Armisson can hear the clearing as he approaches; the absence of forest hastens the momentum of the wind and it howls forth carrying the roaring of the ocean. This wind is uneasy. Over open land it swoops and gathers speed and seems to gain intent. It obscures sound with its whining and forces his eyes closed. Before the knuckle of the mountain’s claw Armisson diverts down the low side of the road, into the wind and the soft grass. The grass clings to his leather slippers and woollen overalls. He takes care to find his footing as he walks downhill in the visual cover of the forest. He is on the elbow of the mountain, deforested, resistant matter eaten away by the wind. The wind bites strongly at him but his clothing is sufficient. He walks down through the grass until the road is high above him. The rhythm of the sea and the wind combine into a tense overture. He walks across the open elbow with his eyes on the road, now annotated by a smooth crescent above him.

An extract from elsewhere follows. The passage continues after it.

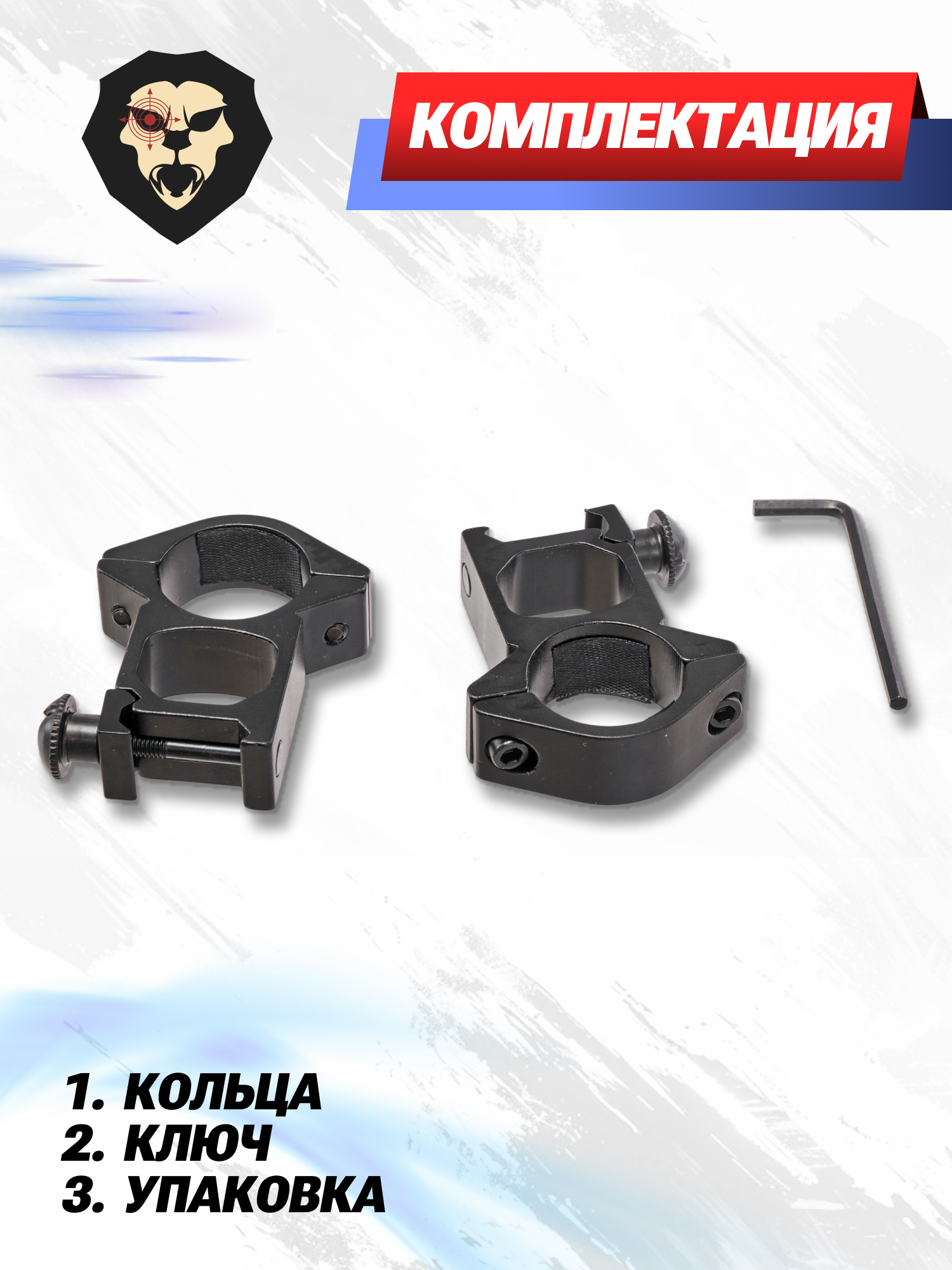 | Комплектация | Кольца, винты крепления, шестигранник, упаковка |

He remembers stories from his grandfather of stories from his grandfather’s grandfather of an ocean on a bright day, when he had visited his Aunt on his birthday. In this uncanny, ridden darkness he cannot transpose his grandfather’s word into imagination. It was blue, and the light sparkled on the crests of waves and ripples. People were swimming in the shadow of Lion Rock. The sand was black with white veins as if ripples of pale gold had floated up the beach and settled. He remembers stories from his grandfather of stories from his grandfather’s father the dead stagnation of the world after the war. The dry stench of the long-passed war’s decay.
Armisson reaches into one of the pouches inside his overalls and pulls out a pair of sunglasses and puts them on. He pulls the scarf up to his nose as he exposes himself to the wind which, on this, the far side of the ridge, is strong enough to dry your lips till they bleed. His grandfather told him about climbing in the cliffs above the sea, clay rocks crumbling underneath bare feet and the youthful bodies falling down onto warm sand dunes, running down into the water shouting, the sound of his aunty echoing; telling him to watch his cousins as he ran passed. But that historic pose is now juxtaposed from a sweet reminiscence to complete darkness, a vicious ridge in mountains that see no sunlight, above a sandless beach and a once benign sea which is now cancerous, empty of everything but monsters and fear, and devoid of warmth. A grandson running through darkness.
You could look upon him in this moment with reminiscence; a wave of fondness could flood over you because in this moment he does not look unlike a young climber who first conquered the tallest mountain, first to reach the South Pole. Now obscured in history like all things, simply another man who achieved something too soon to be outdone. He has seen him in ancient pictures, leaning forward into the wind, pick-axe in hand, scarf over the mouth, layers of woollen clothes. Now it is him, cheeks red and stinging. Adversity.
ii.
He looks around and can still see nothing but the smooth outer edge of the road above him. He tunes in to the sounds beneath the gale and above the seashore. He can suddenly smell the water like an echo of his grandfather’s shout; there is a sour and vile undertow but the current is salt, like his grandfather said.